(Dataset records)
- - - - -

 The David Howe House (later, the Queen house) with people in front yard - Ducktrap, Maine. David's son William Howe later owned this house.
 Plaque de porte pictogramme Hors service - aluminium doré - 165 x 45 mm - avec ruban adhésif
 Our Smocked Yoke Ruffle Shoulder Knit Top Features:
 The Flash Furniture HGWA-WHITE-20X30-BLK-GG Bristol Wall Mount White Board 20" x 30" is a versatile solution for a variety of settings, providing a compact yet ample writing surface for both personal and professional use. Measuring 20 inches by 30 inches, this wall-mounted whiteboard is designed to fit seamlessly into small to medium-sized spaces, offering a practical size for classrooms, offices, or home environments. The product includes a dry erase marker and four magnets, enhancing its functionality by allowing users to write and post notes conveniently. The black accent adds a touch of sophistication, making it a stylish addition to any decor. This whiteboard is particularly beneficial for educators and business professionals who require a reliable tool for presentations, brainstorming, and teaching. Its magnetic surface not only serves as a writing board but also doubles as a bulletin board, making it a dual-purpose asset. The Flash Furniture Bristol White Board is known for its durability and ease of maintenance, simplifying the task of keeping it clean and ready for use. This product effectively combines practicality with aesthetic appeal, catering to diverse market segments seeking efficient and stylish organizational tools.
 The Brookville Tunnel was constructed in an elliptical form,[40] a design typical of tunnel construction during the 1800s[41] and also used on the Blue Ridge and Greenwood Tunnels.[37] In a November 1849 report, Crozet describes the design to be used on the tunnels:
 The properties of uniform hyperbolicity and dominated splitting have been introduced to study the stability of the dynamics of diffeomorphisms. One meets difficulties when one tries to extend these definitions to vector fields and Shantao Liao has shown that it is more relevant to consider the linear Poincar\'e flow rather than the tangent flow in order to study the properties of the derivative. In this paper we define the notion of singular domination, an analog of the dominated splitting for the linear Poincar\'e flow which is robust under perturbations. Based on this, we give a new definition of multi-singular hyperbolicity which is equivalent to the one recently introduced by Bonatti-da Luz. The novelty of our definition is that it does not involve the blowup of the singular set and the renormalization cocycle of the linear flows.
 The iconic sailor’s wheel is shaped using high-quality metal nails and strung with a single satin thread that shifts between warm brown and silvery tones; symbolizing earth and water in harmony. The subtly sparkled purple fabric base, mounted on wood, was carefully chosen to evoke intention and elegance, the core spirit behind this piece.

- - - - -

• WHAT YOU WILL DO: Exactly repeat the lines above, from the opening line through the one with "Plaque de porte", and include nothing else.

• COMPLETED EXERCISE:
 The David Howe House (later, the Queen house) with people in front yard - Ducktrap, Maine. David's son William Howe later owned this house.
 Plaque de porte pictogramme Hors service - aluminium doré - 165 x 45 mm - avec ruban adhésif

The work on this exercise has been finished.